### DATA IN THIS EXERCISE
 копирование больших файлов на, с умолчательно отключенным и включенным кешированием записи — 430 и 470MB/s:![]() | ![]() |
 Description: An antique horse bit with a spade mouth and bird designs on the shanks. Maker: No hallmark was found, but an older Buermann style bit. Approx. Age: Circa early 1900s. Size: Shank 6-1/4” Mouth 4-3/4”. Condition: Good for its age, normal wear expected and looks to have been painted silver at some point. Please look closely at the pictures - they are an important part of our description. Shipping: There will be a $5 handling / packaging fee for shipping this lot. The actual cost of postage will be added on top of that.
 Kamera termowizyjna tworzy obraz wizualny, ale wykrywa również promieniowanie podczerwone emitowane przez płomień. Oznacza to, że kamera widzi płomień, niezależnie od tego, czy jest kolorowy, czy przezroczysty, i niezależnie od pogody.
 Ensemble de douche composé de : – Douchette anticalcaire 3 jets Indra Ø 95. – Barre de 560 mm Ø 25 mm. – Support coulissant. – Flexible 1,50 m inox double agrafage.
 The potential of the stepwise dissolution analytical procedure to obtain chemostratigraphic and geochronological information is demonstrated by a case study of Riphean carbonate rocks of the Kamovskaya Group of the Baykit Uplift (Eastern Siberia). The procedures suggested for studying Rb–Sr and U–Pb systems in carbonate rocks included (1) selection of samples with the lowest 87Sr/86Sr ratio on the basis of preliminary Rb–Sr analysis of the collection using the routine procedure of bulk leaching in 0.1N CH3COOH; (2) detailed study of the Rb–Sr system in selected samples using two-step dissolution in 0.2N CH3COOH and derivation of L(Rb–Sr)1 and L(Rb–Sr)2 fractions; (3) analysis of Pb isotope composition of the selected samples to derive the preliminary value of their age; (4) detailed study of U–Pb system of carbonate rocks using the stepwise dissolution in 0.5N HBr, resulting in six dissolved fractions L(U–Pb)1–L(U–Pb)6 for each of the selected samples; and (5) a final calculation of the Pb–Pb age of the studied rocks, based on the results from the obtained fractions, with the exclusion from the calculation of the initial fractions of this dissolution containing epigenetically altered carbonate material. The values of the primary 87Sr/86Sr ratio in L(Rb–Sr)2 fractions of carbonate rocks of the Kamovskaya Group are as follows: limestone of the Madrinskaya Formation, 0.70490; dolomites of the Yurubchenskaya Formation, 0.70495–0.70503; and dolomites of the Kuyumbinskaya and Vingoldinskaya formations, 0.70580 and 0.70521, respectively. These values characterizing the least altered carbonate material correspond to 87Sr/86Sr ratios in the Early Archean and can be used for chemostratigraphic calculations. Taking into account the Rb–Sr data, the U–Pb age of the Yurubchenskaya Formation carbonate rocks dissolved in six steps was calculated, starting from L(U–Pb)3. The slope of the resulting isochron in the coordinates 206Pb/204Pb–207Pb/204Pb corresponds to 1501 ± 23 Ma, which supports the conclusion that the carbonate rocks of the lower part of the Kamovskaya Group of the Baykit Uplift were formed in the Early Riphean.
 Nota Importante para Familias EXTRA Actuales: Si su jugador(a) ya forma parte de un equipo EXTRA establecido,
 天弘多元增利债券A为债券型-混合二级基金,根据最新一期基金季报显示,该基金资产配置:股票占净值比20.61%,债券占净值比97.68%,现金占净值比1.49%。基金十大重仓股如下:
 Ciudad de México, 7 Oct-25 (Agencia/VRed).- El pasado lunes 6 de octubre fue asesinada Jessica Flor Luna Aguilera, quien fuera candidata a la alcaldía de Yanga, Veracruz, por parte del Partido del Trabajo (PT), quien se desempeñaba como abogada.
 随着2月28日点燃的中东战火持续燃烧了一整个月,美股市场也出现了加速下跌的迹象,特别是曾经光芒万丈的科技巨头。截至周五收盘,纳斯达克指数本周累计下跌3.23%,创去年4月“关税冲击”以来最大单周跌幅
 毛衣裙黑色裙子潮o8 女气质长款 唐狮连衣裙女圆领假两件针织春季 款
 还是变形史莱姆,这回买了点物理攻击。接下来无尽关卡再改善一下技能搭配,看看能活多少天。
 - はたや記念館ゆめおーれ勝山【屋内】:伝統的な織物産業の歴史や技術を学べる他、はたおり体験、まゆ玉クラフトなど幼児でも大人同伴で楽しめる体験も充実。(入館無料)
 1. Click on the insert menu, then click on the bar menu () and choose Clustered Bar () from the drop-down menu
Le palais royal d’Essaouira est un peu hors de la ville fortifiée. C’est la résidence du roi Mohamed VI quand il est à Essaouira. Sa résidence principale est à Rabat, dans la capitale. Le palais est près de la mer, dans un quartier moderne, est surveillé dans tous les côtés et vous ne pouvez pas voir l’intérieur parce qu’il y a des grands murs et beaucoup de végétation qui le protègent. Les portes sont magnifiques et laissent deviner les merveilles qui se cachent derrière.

### WHAT IS NEEDED
Tally the lines of the data that contain the word "parte", and give only that tally.

### SOLUTION
2